ASX Listing Rule 14.4 provides that a Director of an entity must not hold office (without re-election) past the third Annual General Meeting following the Director's appointment or 3 years, whichever is longer.

Clause 14.2 of the Company's Constitution requires that at every Annual General Meeting of the Company one-third of the Directors excluding the Managing Director (rounded up to the nearest whole number) shall retire from office. The Directors to retire are those who have been longest in office since their last election. A Director who retires by rotation under clause 14.2 is eligible for re-election.

The Company currently has 3 Directors (excluding the Managing Director) and accordingly 1 must retire.

Mr Ross Taylor, the Director longest in office since his last re-election, retires by rotation and seeks re-election as a Director.

Information about Mr Taylor is set out in the Company's 2023 Annual Report.

The Board (with Mr Taylor abstaining) unanimously supports the re-election of Mr Taylor.

SPECIAL RESOLUTION 4: Approval of 10% Placement Capacity - Shares

General

ASX Listing Rule 7.1A provides that an Eligible Entity may seek Shareholder approval at its annual general meeting to allow it to issue Equity Securities up to 10% of its issued capital over a period up to 12 months after the annual general meeting (10% Placement Capacity).

An Eligible Entity is one that, as at the date of the relevant annual general meeting:

  • (a) is not included in the S&P/ASX 300 Index; and
  • (b) has a maximum market capitalisation (excluding restricted securities and securities quoted on a deferred settlement basis) of $300,000,000.

The Company is an Eligible Entity as it is not included in the S&P/ASX 300 Index and has a current market capitalisation of approximately $6.2 million.

Any Equity Securities issued must be in the same class as an existing class of quoted Equity Securities. The Company currently has one class of quoted Equity Securities on issue, being the Shares (ASX Code: REM).
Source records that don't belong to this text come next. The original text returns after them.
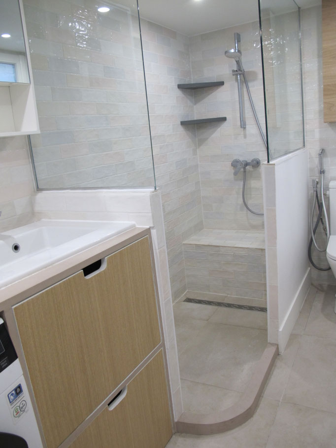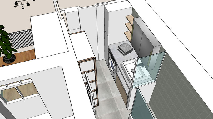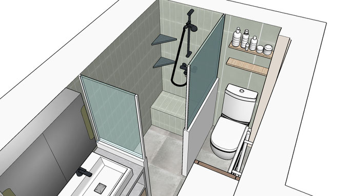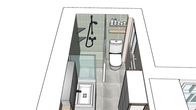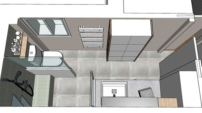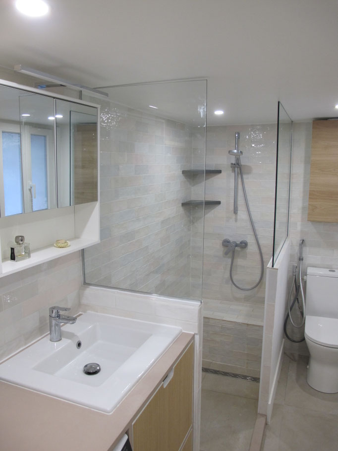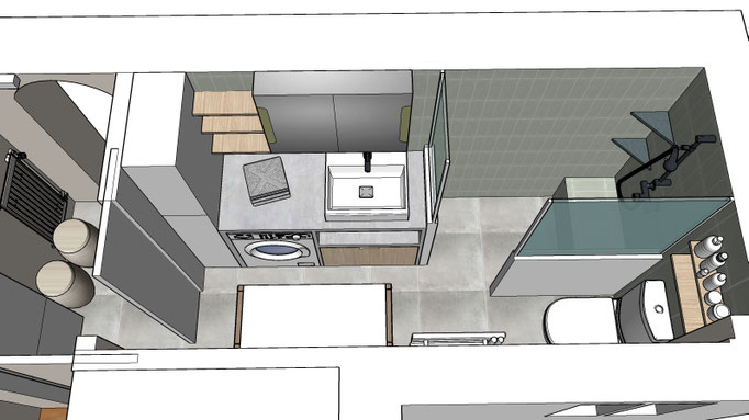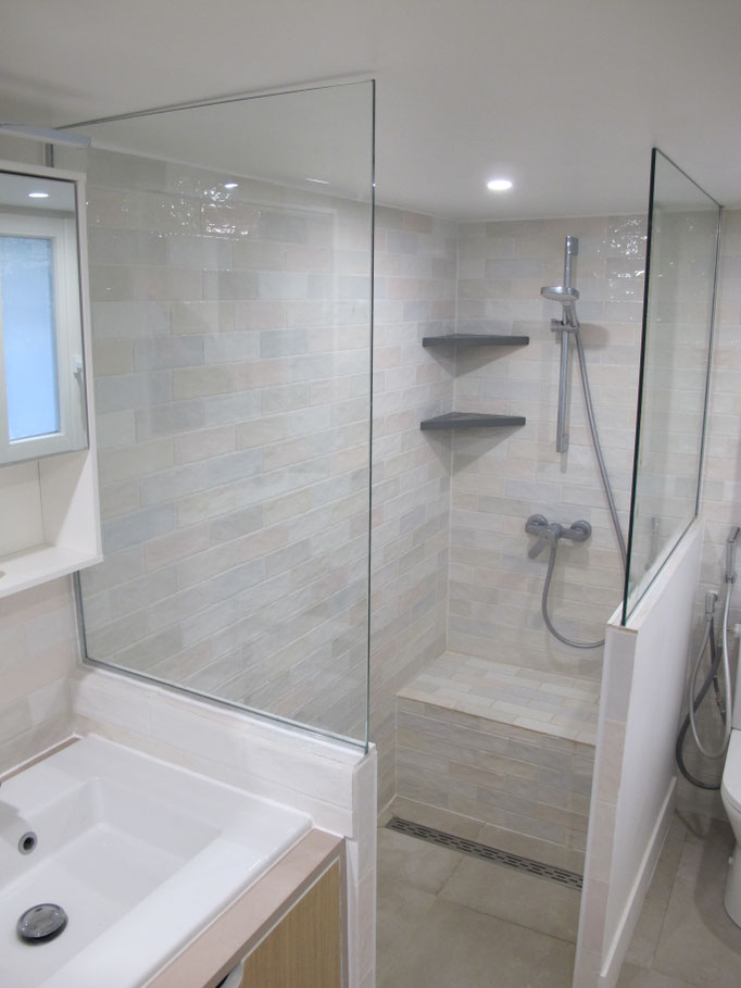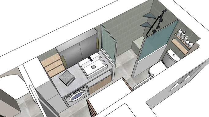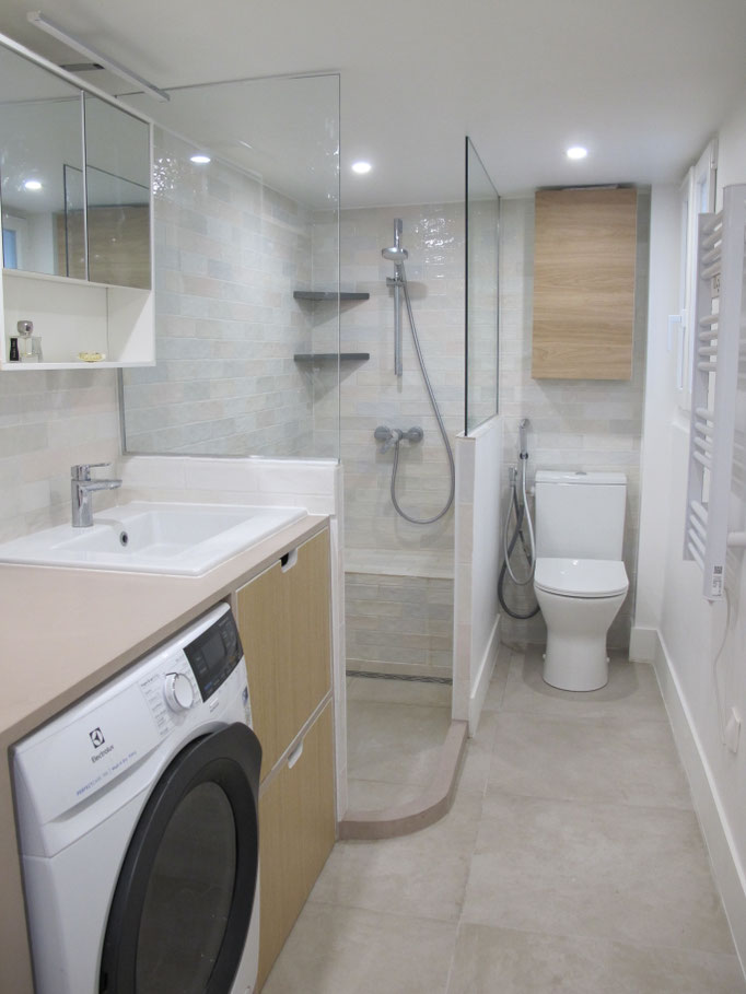 Les propriétaires souhaitaient se débarrasser de la baignoire, au profit d'une douche à l'italienne (chose réalisable car dans une maison). La pièce a été agrandit afin de faire entrer la partie buanderie dans l'espace salle de bain. Le tout a été pensé dans un souci de gain d'espace et de luminosité.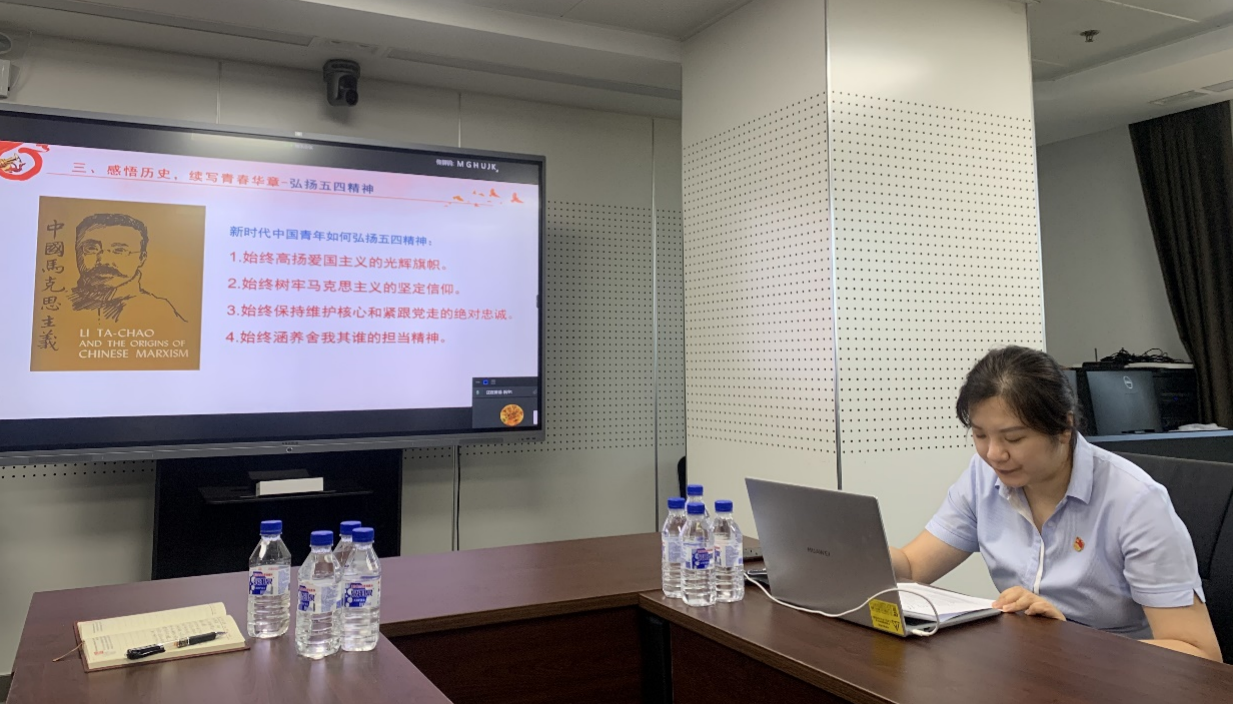 6月24日下午,公司第三党支部书记阮宇同志以《五四运动—点亮中国光耀百年的历史火炬》为主题,开展了专题党课活动。支部全体党员及积极分子现场聆听了党课,客户服务中心同志以视频接入的方式参加会议。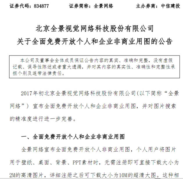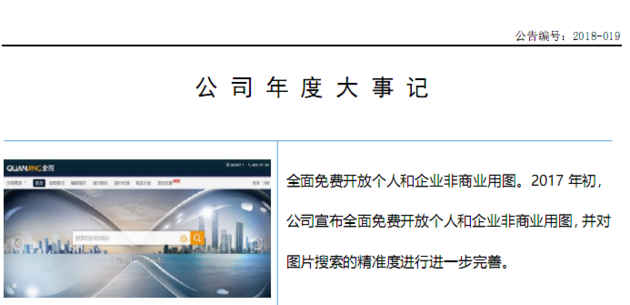 全景网络不仅在2017年报中宣称全面免费开放个人和企业非商业用图,还发布了专门的免费开放非商业用图公告。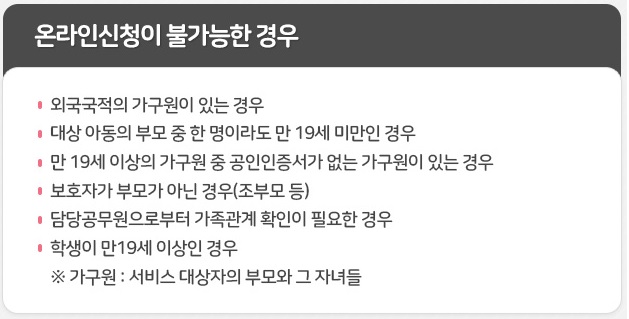 오프라인 신청은 해당 지역 행정복지센터에 방문하여 신청합니다.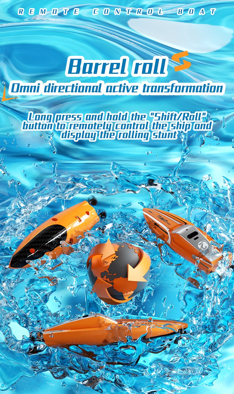 Remote control boat toy - 2.4G rechargeable electric stunt rolling and rotating dual-motor long-range toy boat speedboat YTY13

If Shareholders approve Resolution 4, the number of Equity Securities the Eligible Entity may issue under the 10% Placement Capacity will be determined in accordance with the formula prescribed in ASX Listing Rule 7.1A.2.

The effect of Resolution 4 will be to allow the Directors to issue Equity Securities up to 10% of the Company's fully paid ordinary securities on issue under the 10% Placement Capacity during the period up to 12 months after the Meeting, without subsequent Shareholder approval and without using the Company's 15% annual placement capacity granted under Listing Rule 7.1.

Resolution 4 is a Special Resolution. Accordingly, at least 75% of votes cast by Shareholders present and eligible to vote at the Meeting must be in favour of Resolution 4 for it to be passed.

If Resolution 4 is passed, the Directors will be able to issue up to 10% of the Company's fully paid ordinary share securities on issue under the 10% placement capacity during the period of up to 12 months after the approval.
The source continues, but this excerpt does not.